If you try to open a file that doesn't exist, PHP will generate a warning message. So, to avoid these error messages you should always implement a simple check whether a file or directory exists or not before trying to access it, with the PHP file_exists() function.

  • <?php
  • $file = "data.txt";
  •  
  • // Check the existence of file
  • if(file_exists($file)){
  •     // Attempt to open the file
  •     $handle = fopen($file, "r");
  • } else{
  •     echo "ERROR: File does not exist.";
  • }
  • ?>
 

Tip:Operations on files and directories are prone to errors. So it's a good practice to implement some form of error checking so that if an error occurs your script will handle the error gracefully. See the tutorial on PHP error handling.

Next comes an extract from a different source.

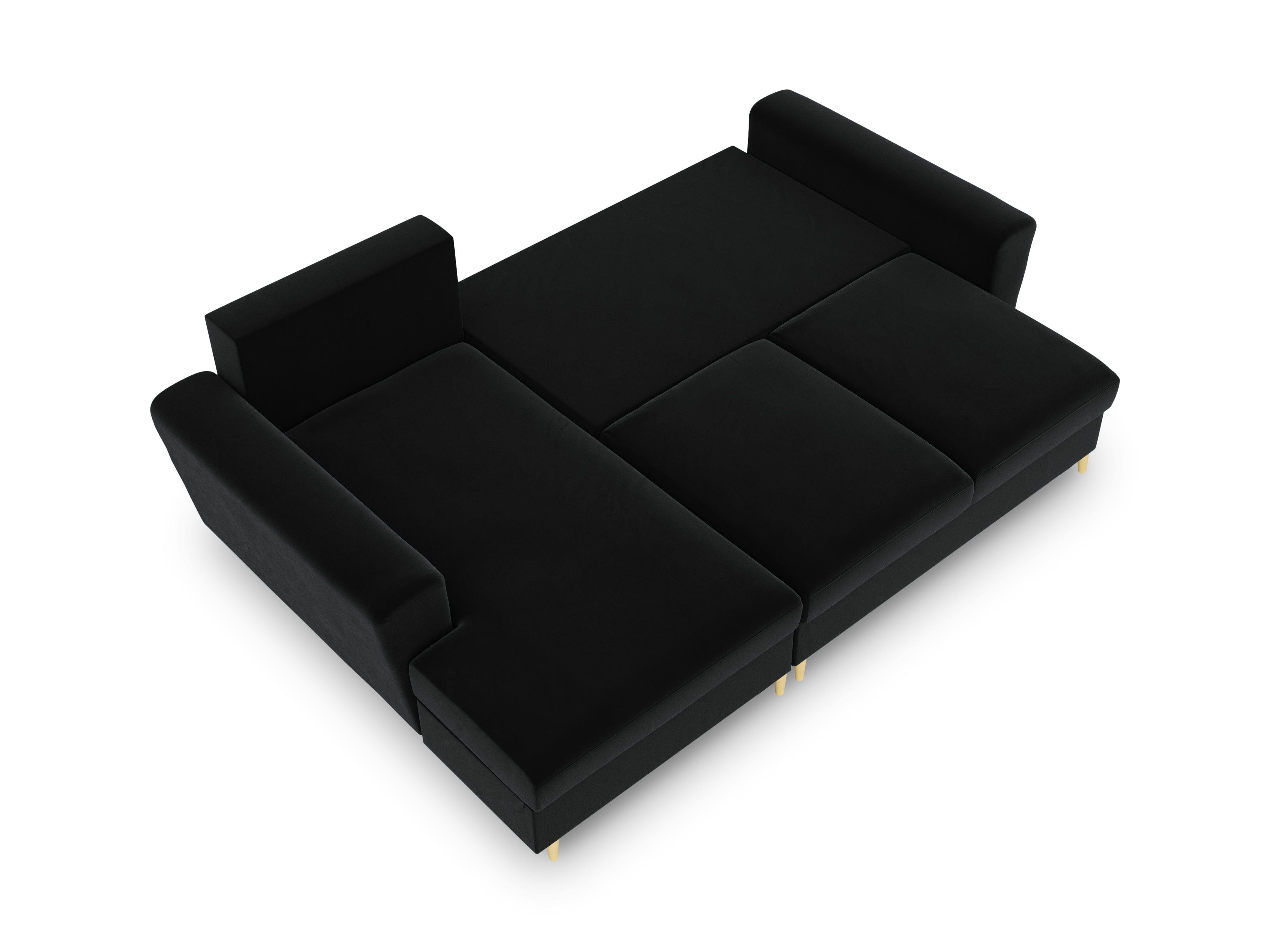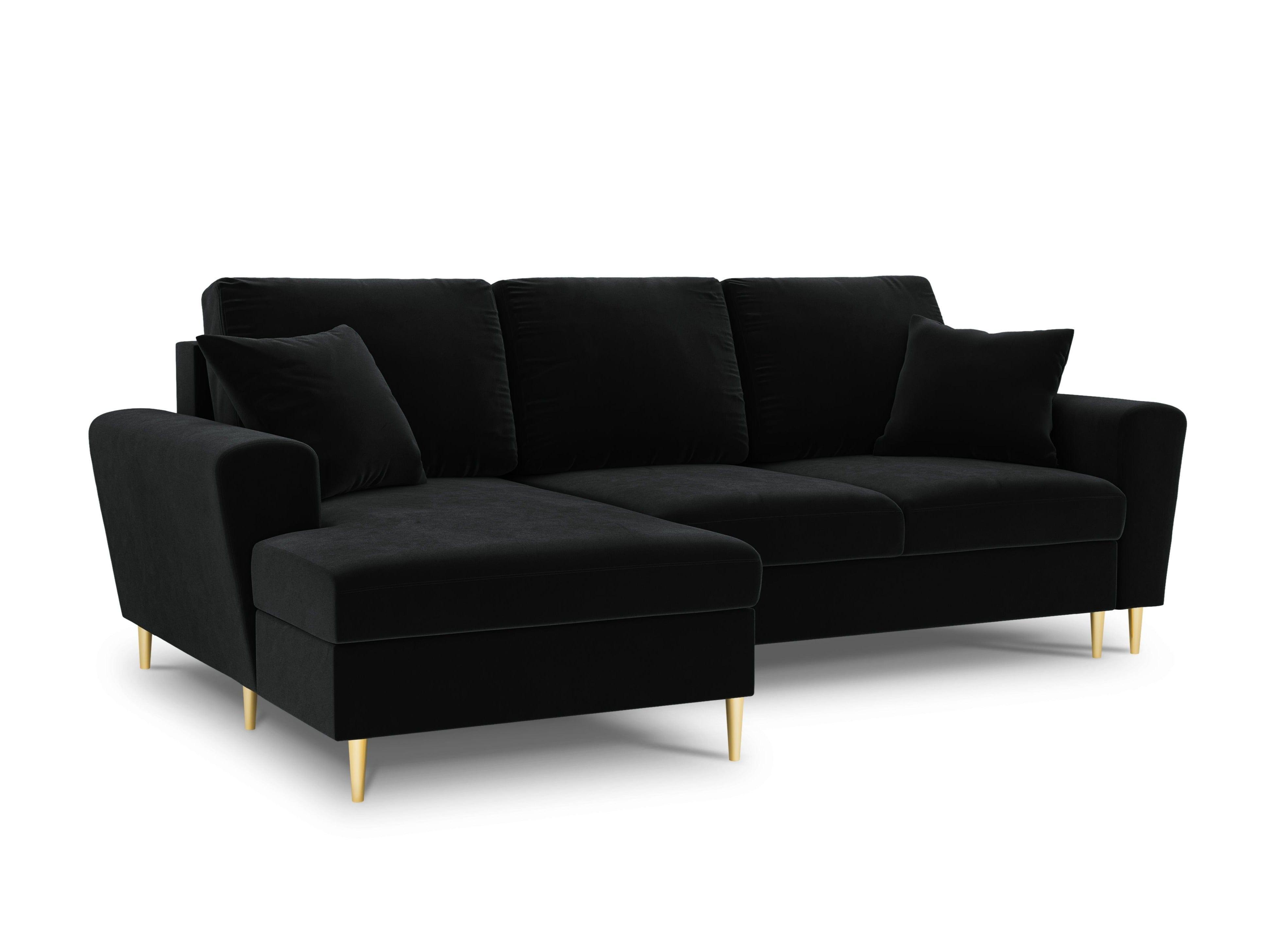 Narożnik lewostronny aksamitny z funkcją spania KYOTO czarny ze złotą podstawą Cosmopolitan Design    Eye on Design

Closing a File with PHP fclose() Function

Once you've finished working with a file, it needs to be closed. The fclose() function is used to close the file, as shown in the following example:

  • <?php
  • $file = "data.txt";
  •  
  • // Check the existence of file
  • if(file_exists($file)){
  •     // Open the file for reading
  •     $handle = fopen($file, "r") or die("ERROR: Cannot open the file.");
  •         
  •     /* Some code to be executed */
  •         
  •     // Closing the file handle
  •     fclose($handle);
  • } else{
  •     echo "ERROR: File does not exist.";
  • }
  • ?>
 

Note:Although PHP automatically closes all open files when script terminates, but it's a good practice to close a file after performing all the operations.


Reading from Files with PHP fread() Function

Now that you have understood how to open and close files. In the following section you will learn how to read data from a file. PHP has several functions for reading data from a file. You can read from just one character to the entire file with a single operation.

Reading Fixed Number of Characters

The fread() function can be used to read a specified number of characters from a file. The basic syntax of this function can be given with.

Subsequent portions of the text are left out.